Leone and Camposano hope that the new government will be able to abolish this measure. “We will have to sit down with the new authorities and see if they can reconsider this guy’s measure. Every dollar added to the cost structure of exporting companies is ultimately detrimental to the source of employment,” says Leone.

Shrimp farmers and industrialists react to the end of electricity subsidies, classifying it as a ‘coup by the outgoing government’ and an ‘attack on the industry’

In addition, Camposano points out that it is important for the new administration to generate something additional, which in his opinion was mandated by the outgoing Government, a transparent policy for determining the prices of electricity and fuel. “We consulted it, we asked for it and there’s just complete secrecy on the part of Petroecuador, the Ministry of Energy, it’s not really known.”

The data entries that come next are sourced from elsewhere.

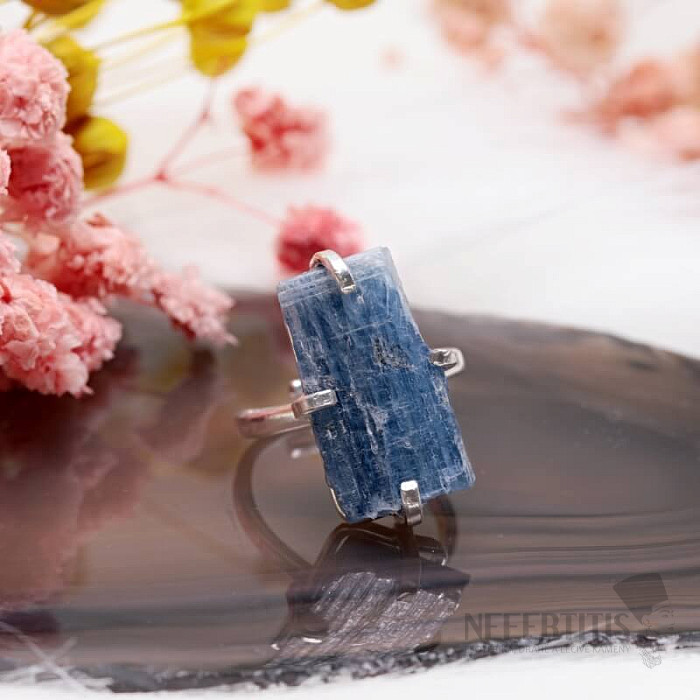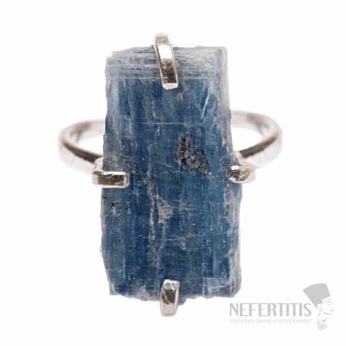 Objevte kouzlo elegance s tímto postříbřeným prstenem, jehož dominantou je surový modrý kyanit. Každý kámen je originál. Kyanit je kámen, který v sobě nese klid hluboké vody, je znám jako kámen vnitřní rovnováhy, komunikace a duševní čistoty. Materiál: přírodní kámen, postříbřená mosaz. Kupujete přímo vyobrazený prsten.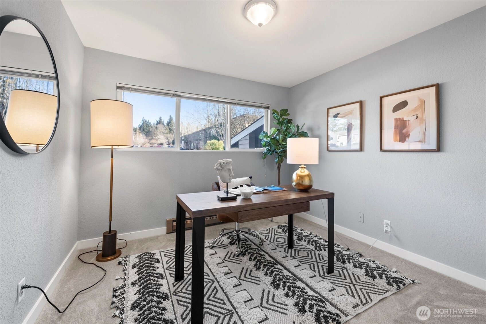 Charming & Updated 2-Bedroom Condo in Prime Houghton Location! Tucked away in a private, serene setting, this beautifully updated 2-bedroom, 1.5-bath condo offers both comfort and convenience. The modern kitchen features new countertops and cabinetry, while the bathroom shines with a new vanity, mirror, and ceiling light. Designed for bright and airy living, this home boasts large windows, a generous private patio, and a cozy fireplace. The spacious primary suite includes a walk-in closet, while the second bedroom is perfect as a guest room or home office. Move-in ready and this home is conveniently located across from Google! Enjoy easy access to I-405, two reserved parking spots, and no rental cap!!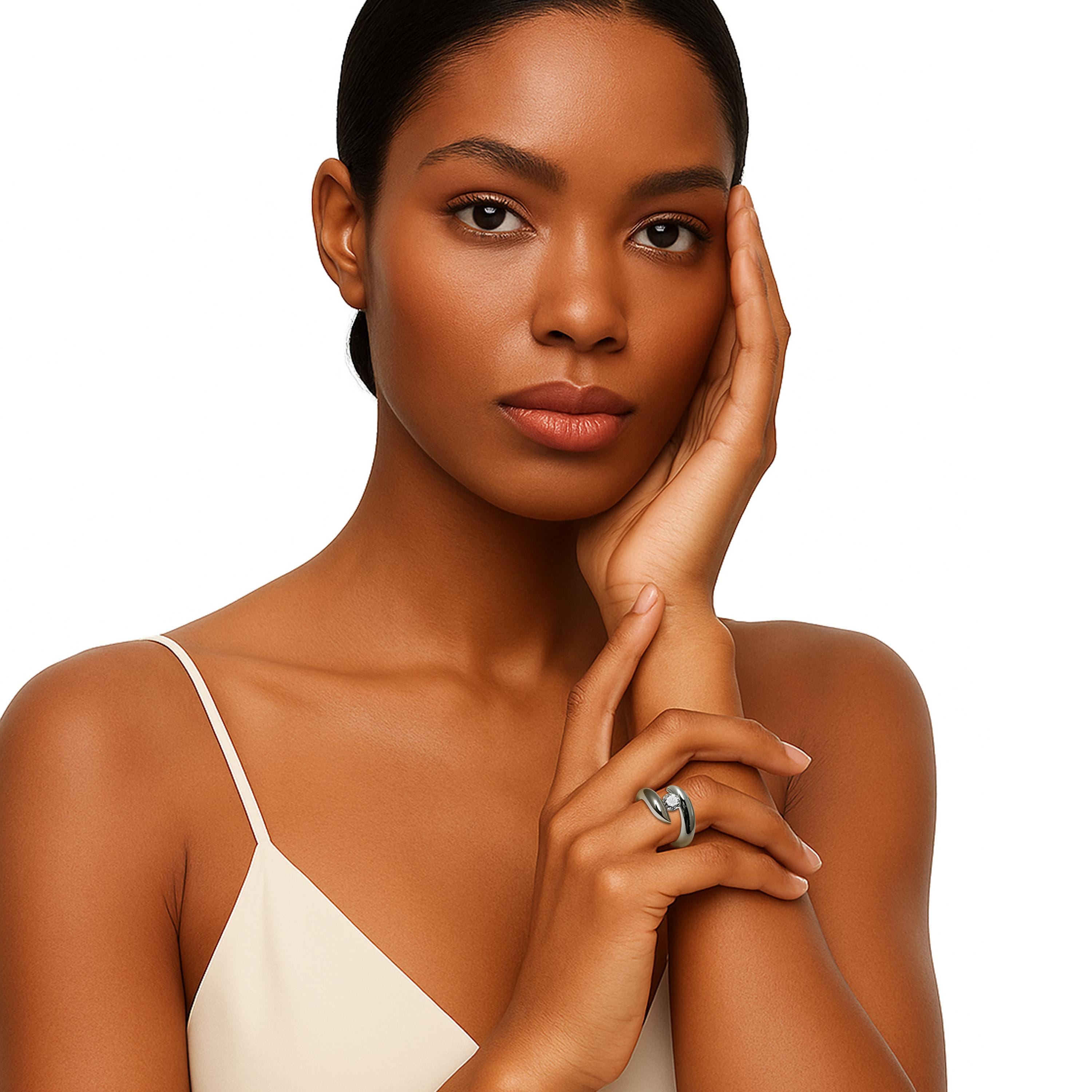 A sleek bypass design where two graceful bands flow around the finger, meeting in a tension of perfect balance. At the center, a luminous round White Sapphire radiates with refined luminosity. The sculptural silhouette feels fluid and contemporary, yet timeless in its elegance — a piece that embodies both style and luxury, standing out effortlessly in any setting.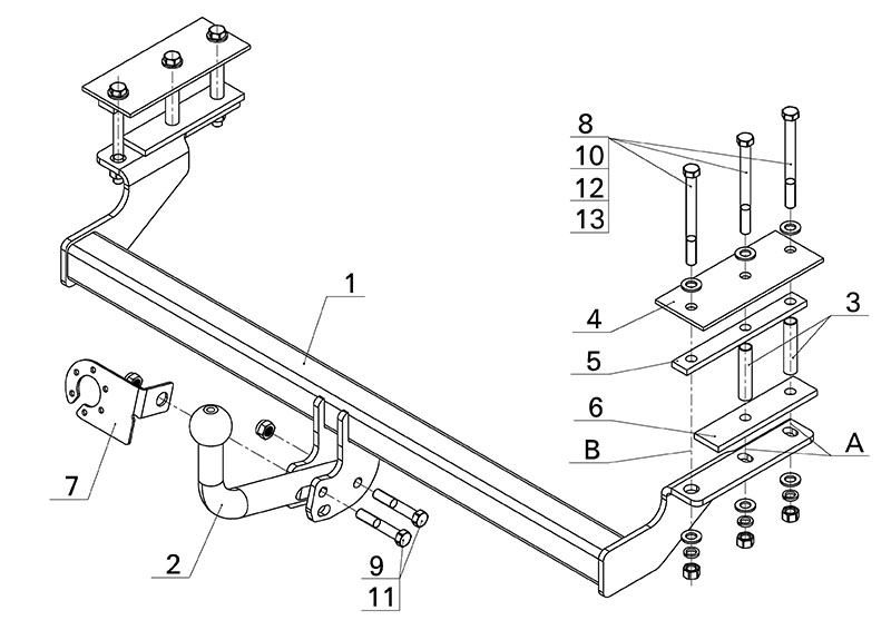 Тип шара: Условно съемный шар (на двух болтах).; Вертикальная нагрузка на шар, кг: 75.; Максимальная масса прицепа, кг: 1100.; Резать бампер: Не надо.; Паспорт и сертификат в комплекте. ВНИМАНИЕ! Без электрики.
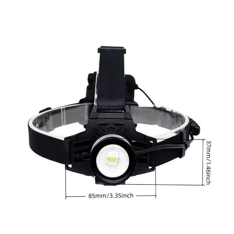 High-performance LED headlamp with adjustable strap for outdoor activities, camping, hiking, and running, featuring bright illumination, durable design, and hands-free lighting.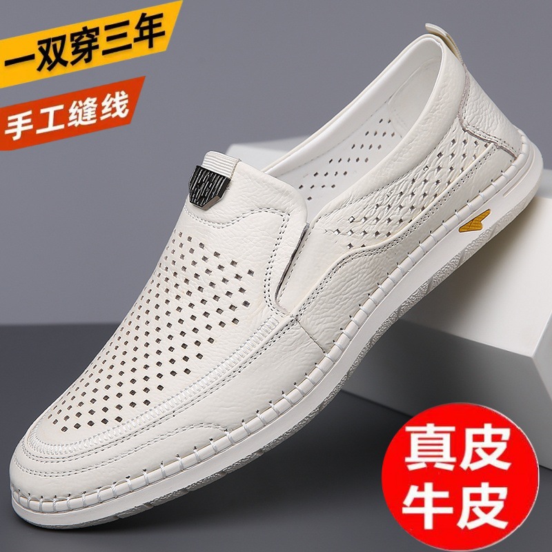 トップ牛革男性ビジネス正装革靴男性ファッション通気靴英倫一足でカジュアルな白い靴を漕ぐ
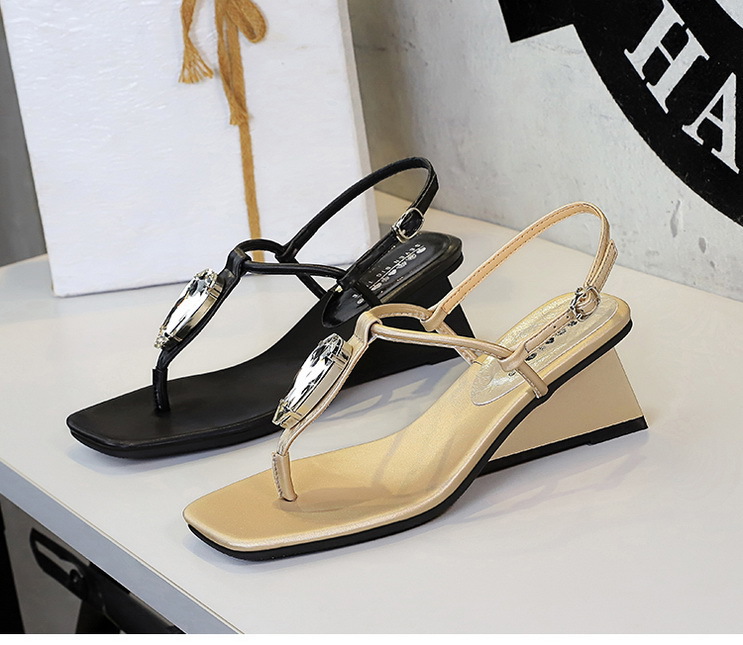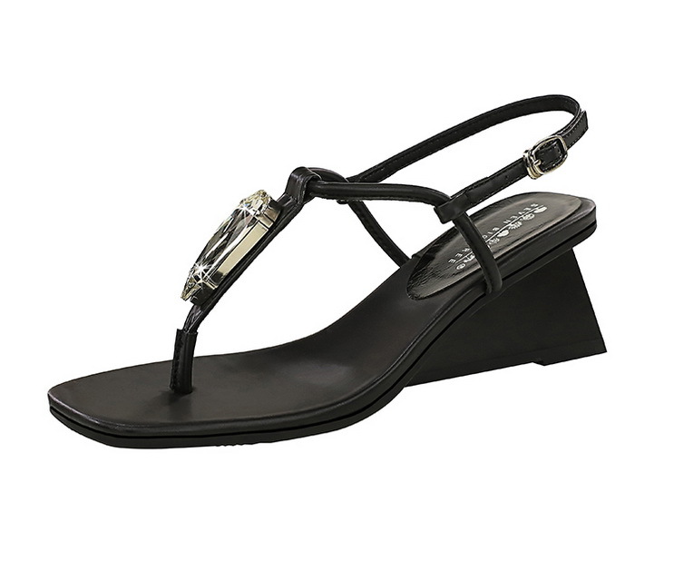 Design High Face Wedge Sandals with Flip Flops Women Rhinestone Thin Strap Flip Flops Women High Heels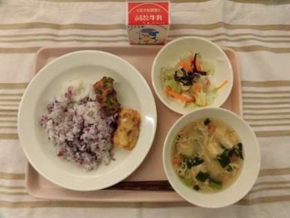 ゆかりごはん 竹輪の二色揚げ かきたま汁 昆布サラダ 牛乳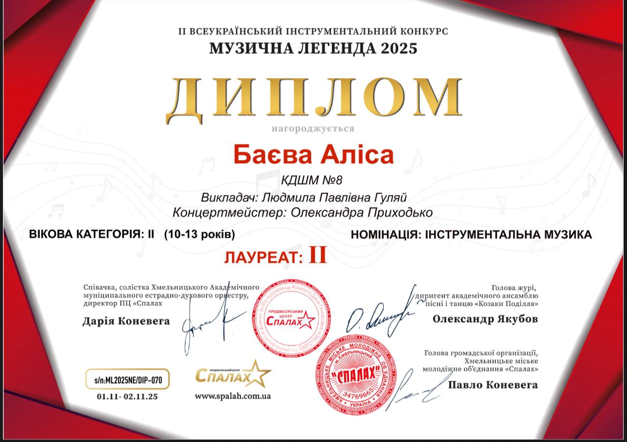 Вітаємо ученицю КДШМ № 8 Алісу Баєву з творчою перемогою на II Всеукраїнському інструментальному конкурсі «Музична легенда – 2025»!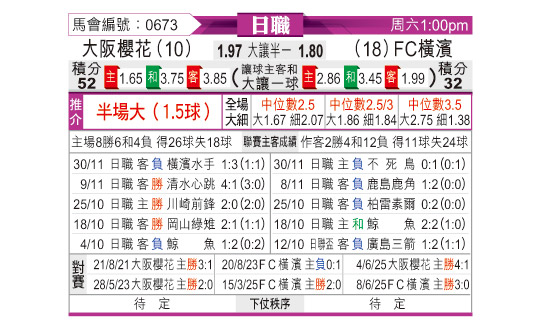 [日职联] 大阪樱花vs横滨FC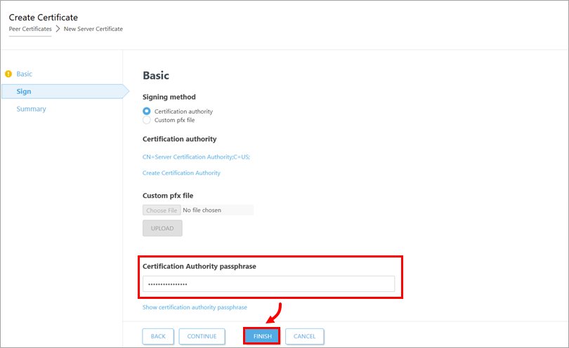 In the Certification Authority passphrase field, type the password you use to log in to the ESET PROTECT Virtual Appliance Web Console. Click Finish.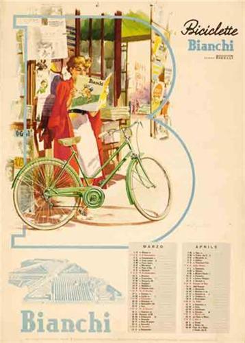 Title: BIANCHI - Author: E.GUSMAROLI - Offset - 1952 - 48x34 - Quality: B+ - Calendar of 6 coloured pictures (bicycle, motorcycle, bus)
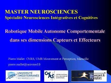 Title: MASTER NEUROSCIENCES Spcialit Neurosciences Intgratives et Cognitives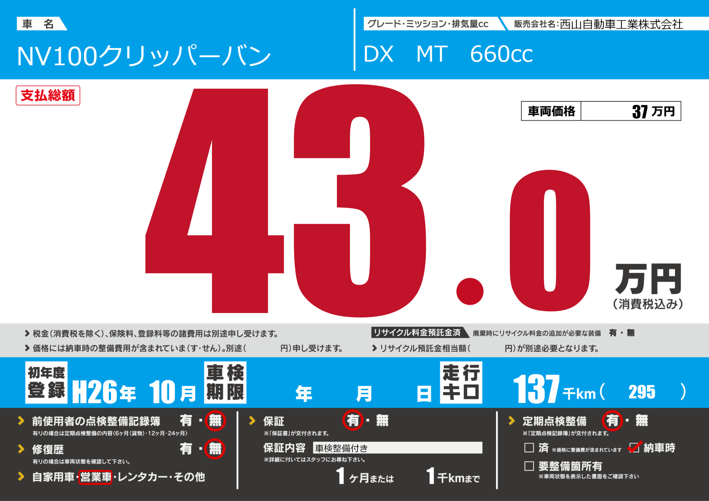 | 車名 | NV100クリッパーバン | グレード ミッション 排気量 |
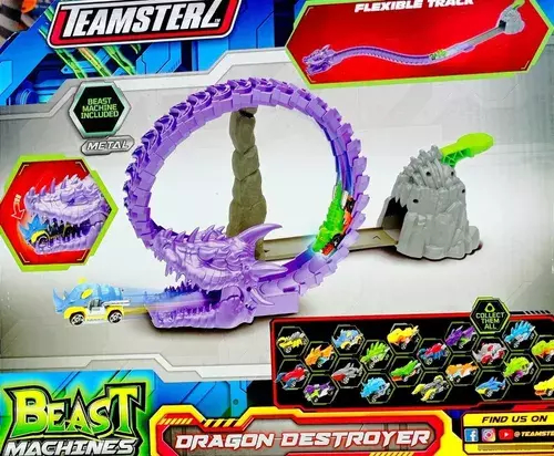 Увлекательный набор от Teamsterz «Трек-петля дракон» порадует юного любителя гонок своим дизайном и функционалом. Пусковой механизм отправляет машинку-тигра прямо из пасти огромного дракона! Трек имеет отлично проработанные детали, которые погрузят ребенка в мир творческих и захватывающих игр. Трек выполнен в виде дракона в ярко-фиолетовом цвете; Машинка содержит металлические элементы; Трек мобилен – его можно разложить в прямую линию или оставить в виде кольца; Машинка-тигр имеет оригинальный дизайн и быстро проезжает по треку; Игрушка изготовлена из качественных материалов; Рекомендованный возраст: 3+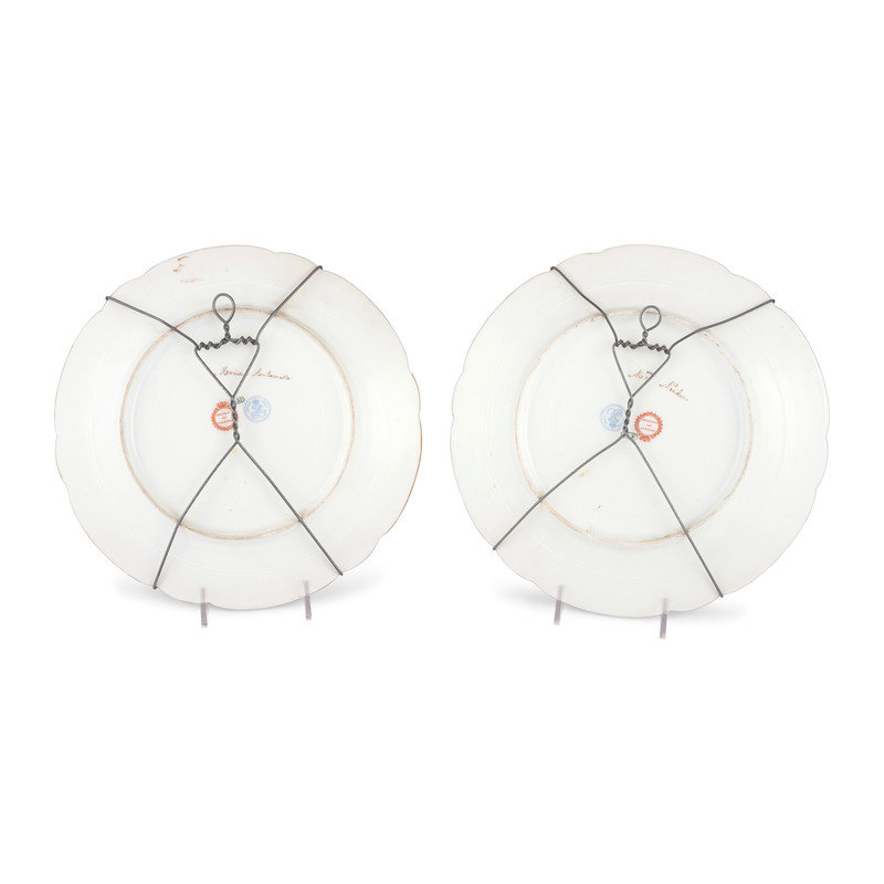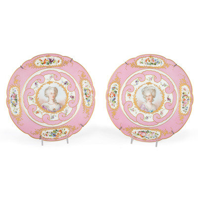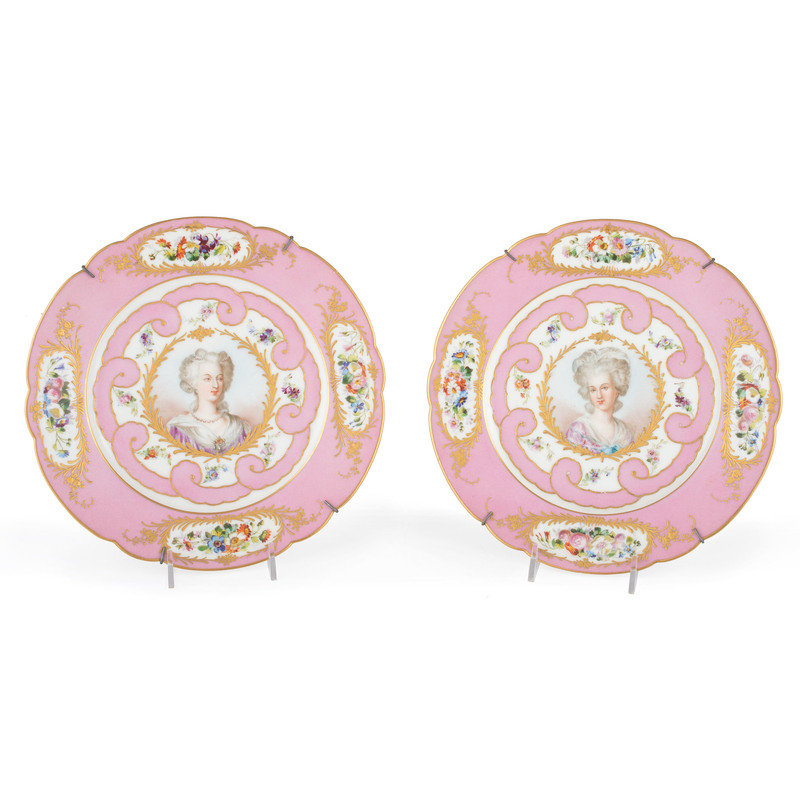 A Pair of Sèvres Parcel Gilt and Polychrome Decorated Marie Antoinette and Mme Necker Plates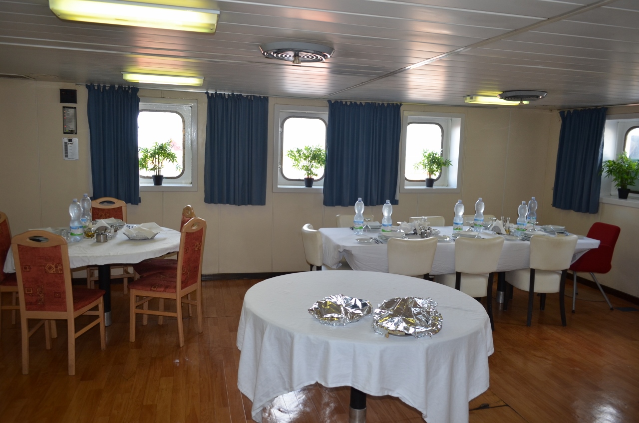 Les passagers sont à des tables spécifiques, un jeune « cameriere » italien, Alfredo, qui vient de prendre ses fonctions à bord, assure notre service, rapidement cadré par le commandant qui veille à ce que nous ayons une bonne prestation. Quand il lui ordonnera de nous servir un quart de vin à chaque repas, Alfredo insistera pour que nous emmenions en cabine les bouteilles non consommées : « Il commandante a detto che dovete avere una bottiglia per pranzo… ».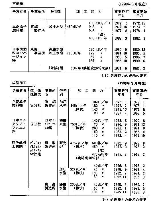 核燃料再転換・成型加工事業の分野は、ほぼ国産化が達成され、高品質な製品を製造している。現在、我が国で核燃料再転換・成型加工を行っている会社は、三菱原子燃料(株)、日本ニユクリア・フユエル(株)、原子燃料工業(株)及び日本核燃料コンバージョン(株)の4社ある。②ウラン濃縮・再処理等の核燃料サイクル事業
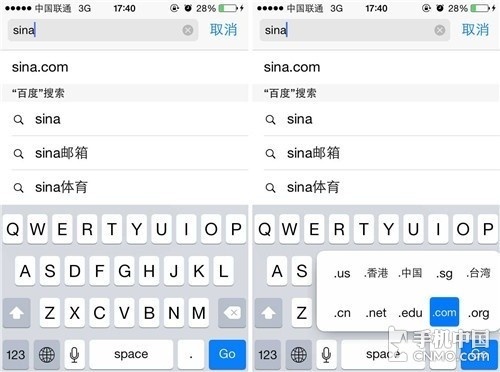 当我们在日常生活中发短信和上网时,某些时间会需要用户输入网址的后缀名,诸如“.com”,“.net”,“.cn”等等,一个字一个字的打 是非常费劲的,其实我们只需要把键盘切换到全字母键盘,然后长按句号按键,就可以在句号上方看到iOS 7系统为用户提供的URL后缀选项了,非常方便。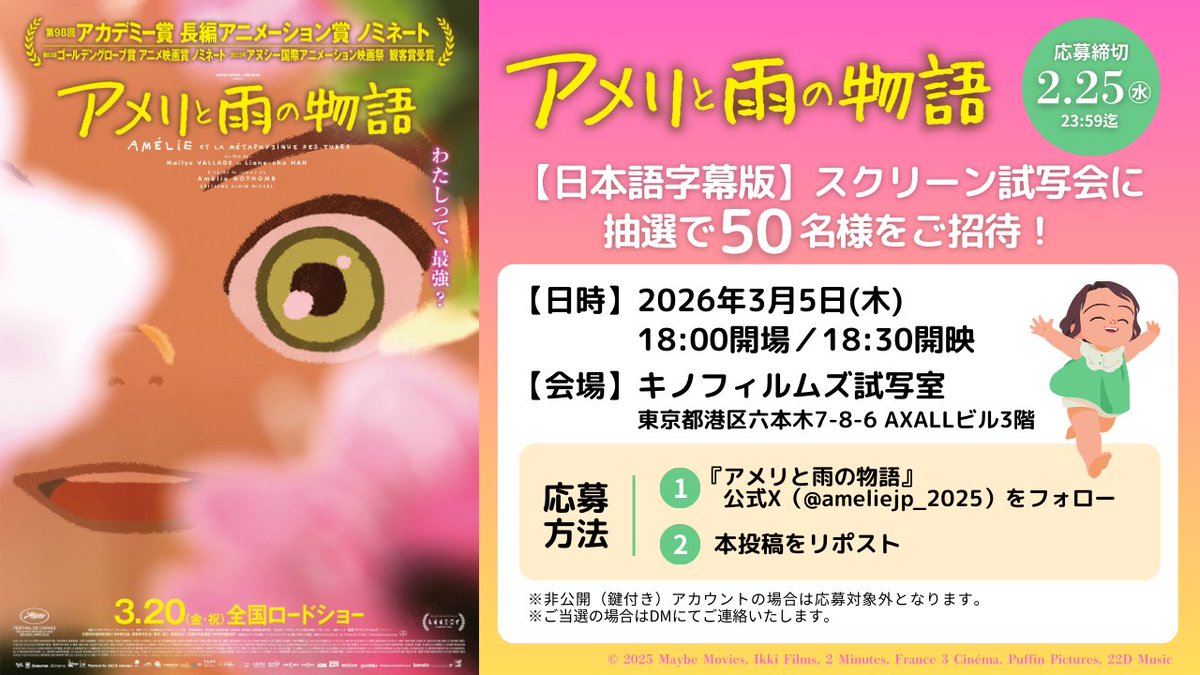 ⋱⋱試写会プレゼント🎁⋰⋰ 『アメリと雨の物語』 【日本語字幕版】 スクリーン試写会🎥 ✨抽選で50名様をご招待✨ ┈┈┈┈┈┈┈┈┈┈┈ 【日時】3/5(木) 18:00開場/18:30開映 予定 【会場】キノフィルムズ試写室 ┈┈┈┈┈┈┈┈┈┈┈ 【応募方法】 1️⃣本アカウントをフォロー 2️⃣この投稿をリポスト ※締切▶️2/25(水))23:59 ※当選の方にはDMにてご連絡✉ ご応募お待ちしています❗ 3.20 FRI🎬

He also points out that in that sector they are aware that the new government has a deadline of 15 months and that it cannot be asked to solve 100 percent of the country’s problems, because in addition there are structural problems, among which is insecurity, to which the president must concentrate”, but when actions are taken in this field, he believes that “it is important for the president to look inside Ecuador”.

Camposano comments by way of background that the tariff incentives for the industrial sector were a win-win because “the state started charging for energy demand that it didn’t even have, the other part was simply for us to sit idly by. This clarification is important because what we were already doing at night is considered to have been done and the price of energy has been reduced without compensation.”